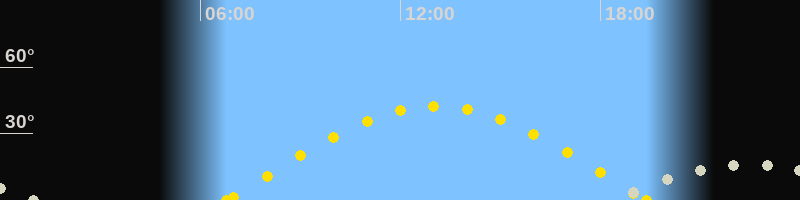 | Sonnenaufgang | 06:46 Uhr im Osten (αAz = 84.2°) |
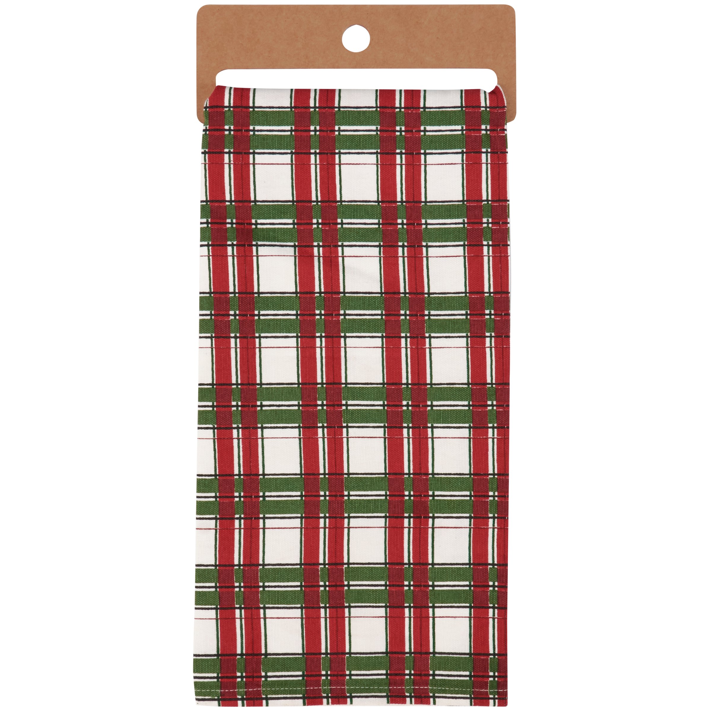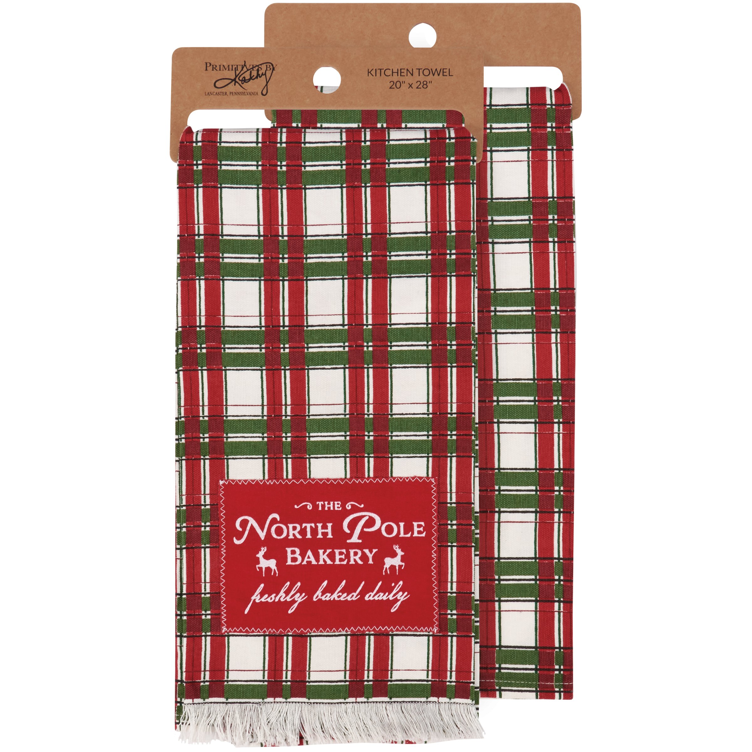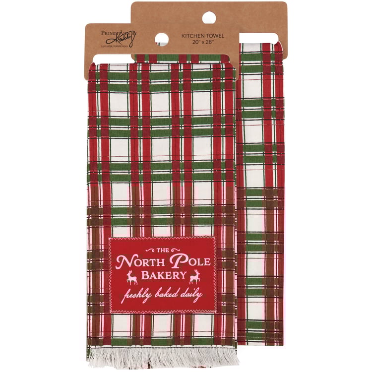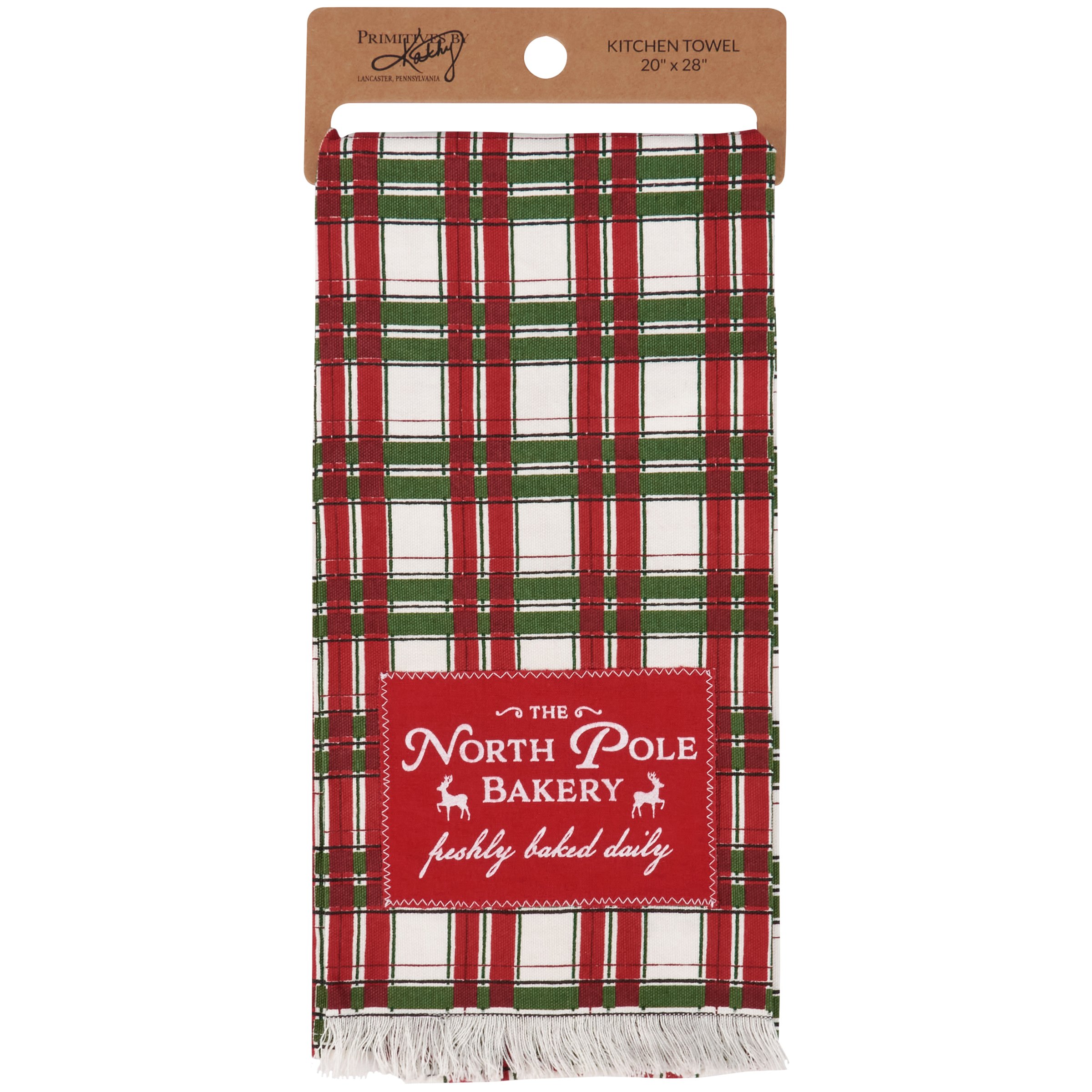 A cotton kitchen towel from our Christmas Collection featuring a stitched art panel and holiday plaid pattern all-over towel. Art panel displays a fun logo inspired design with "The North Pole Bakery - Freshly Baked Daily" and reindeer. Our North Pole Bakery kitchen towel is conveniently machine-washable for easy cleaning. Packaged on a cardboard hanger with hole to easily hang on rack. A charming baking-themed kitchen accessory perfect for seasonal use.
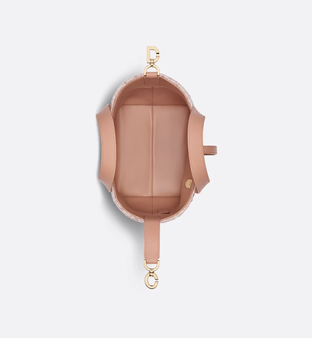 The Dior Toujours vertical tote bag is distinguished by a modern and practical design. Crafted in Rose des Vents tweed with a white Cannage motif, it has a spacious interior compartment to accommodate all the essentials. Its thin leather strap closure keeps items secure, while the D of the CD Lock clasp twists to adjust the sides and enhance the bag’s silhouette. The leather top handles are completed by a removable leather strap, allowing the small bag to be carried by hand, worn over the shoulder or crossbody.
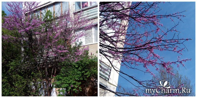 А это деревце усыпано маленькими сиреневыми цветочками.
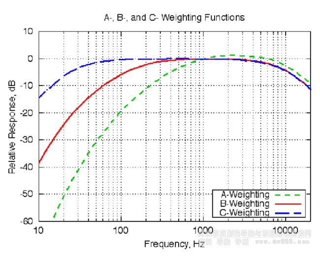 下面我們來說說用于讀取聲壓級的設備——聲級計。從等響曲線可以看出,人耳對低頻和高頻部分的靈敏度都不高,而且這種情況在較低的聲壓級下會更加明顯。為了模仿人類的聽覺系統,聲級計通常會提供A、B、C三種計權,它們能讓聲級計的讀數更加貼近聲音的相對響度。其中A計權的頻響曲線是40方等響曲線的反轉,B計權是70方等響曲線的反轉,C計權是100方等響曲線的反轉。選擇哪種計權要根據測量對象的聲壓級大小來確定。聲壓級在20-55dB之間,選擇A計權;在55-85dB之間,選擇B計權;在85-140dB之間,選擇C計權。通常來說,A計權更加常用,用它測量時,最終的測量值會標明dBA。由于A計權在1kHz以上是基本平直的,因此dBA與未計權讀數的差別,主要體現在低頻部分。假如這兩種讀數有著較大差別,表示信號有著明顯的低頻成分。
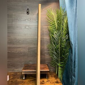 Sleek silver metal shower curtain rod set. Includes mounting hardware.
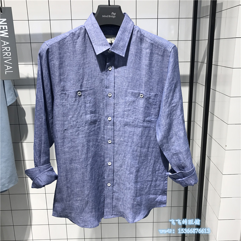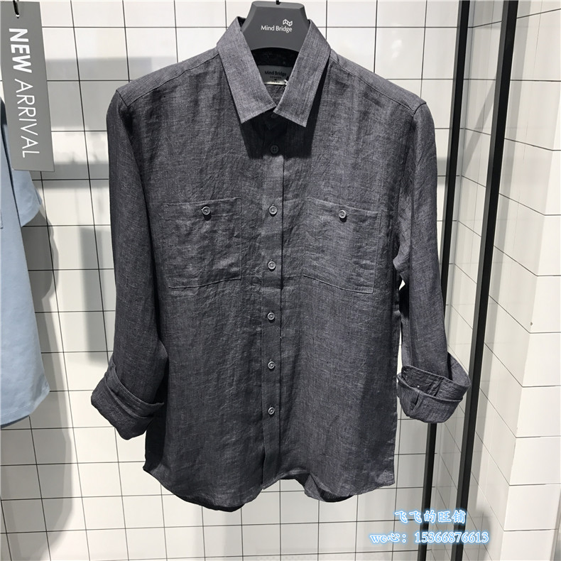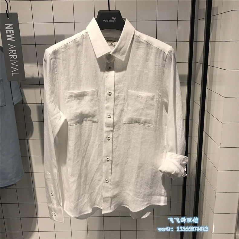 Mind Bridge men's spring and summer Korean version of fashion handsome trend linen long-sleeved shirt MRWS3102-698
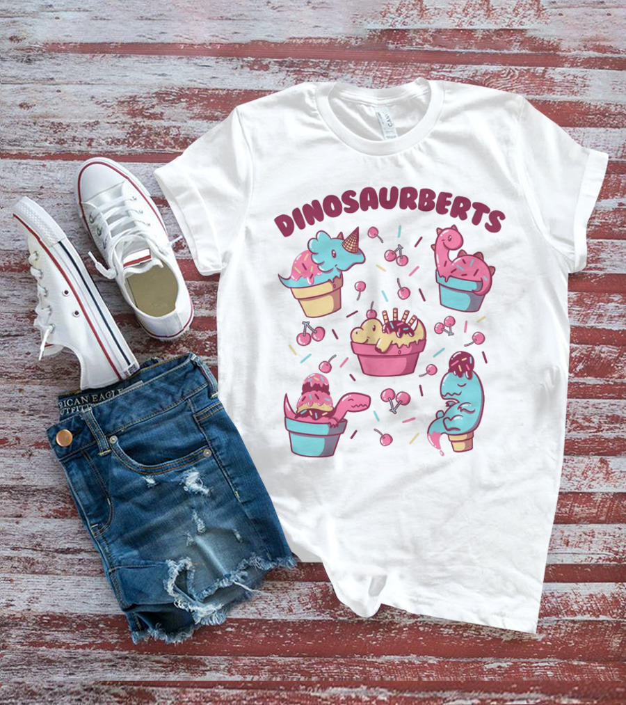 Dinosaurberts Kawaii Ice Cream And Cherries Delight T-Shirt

--

Repeat each record as given. No picture belongs in the copy.

 | Sonnenaufgang | 06:46 Uhr im Osten (αAz = 84.2°) |
 A cotton kitchen towel from our Christmas Collection featuring a stitched art panel and holiday plaid pattern all-over towel. Art panel displays a fun logo inspired design with "The North Pole Bakery - Freshly Baked Daily" and reindeer. Our North Pole Bakery kitchen towel is conveniently machine-washable for easy cleaning. Packaged on a cardboard hanger with hole to easily hang on rack. A charming baking-themed kitchen accessory perfect for seasonal use.
 The Dior Toujours vertical tote bag is distinguished by a modern and practical design. Crafted in Rose des Vents tweed with a white Cannage motif, it has a spacious interior compartment to accommodate all the essentials. Its thin leather strap closure keeps items secure, while the D of the CD Lock clasp twists to adjust the sides and enhance the bag’s silhouette. The leather top handles are completed by a removable leather strap, allowing the small bag to be carried by hand, worn over the shoulder or crossbody.
 А это деревце усыпано маленькими сиреневыми цветочками.
 下面我們來說說用于讀取聲壓級的設備——聲級計。從等響曲線可以看出,人耳對低頻和高頻部分的靈敏度都不高,而且這種情況在較低的聲壓級下會更加明顯。為了模仿人類的聽覺系統,聲級計通常會提供A、B、C三種計權,它們能讓聲級計的讀數更加貼近聲音的相對響度。其中A計權的頻響曲線是40方等響曲線的反轉,B計權是70方等響曲線的反轉,C計權是100方等響曲線的反轉。選擇哪種計權要根據測量對象的聲壓級大小來確定。聲壓級在20-55dB之間,選擇A計權;在55-85dB之間,選擇B計權;在85-140dB之間,選擇C計權。通常來說,A計權更加常用,用它測量時,最終的測量值會標明dBA。由于A計權在1kHz以上是基本平直的,因此dBA與未計權讀數的差別,主要體現在低頻部分。假如這兩種讀數有著較大差別,表示信號有著明顯的低頻成分。
 Sleek silver metal shower curtain rod set. Includes mounting hardware.
 Mind Bridge men's spring and summer Korean version of fashion handsome trend linen long-sleeved shirt MRWS3102-698
 Dinosaurberts Kawaii Ice Cream And Cherries Delight T-Shirt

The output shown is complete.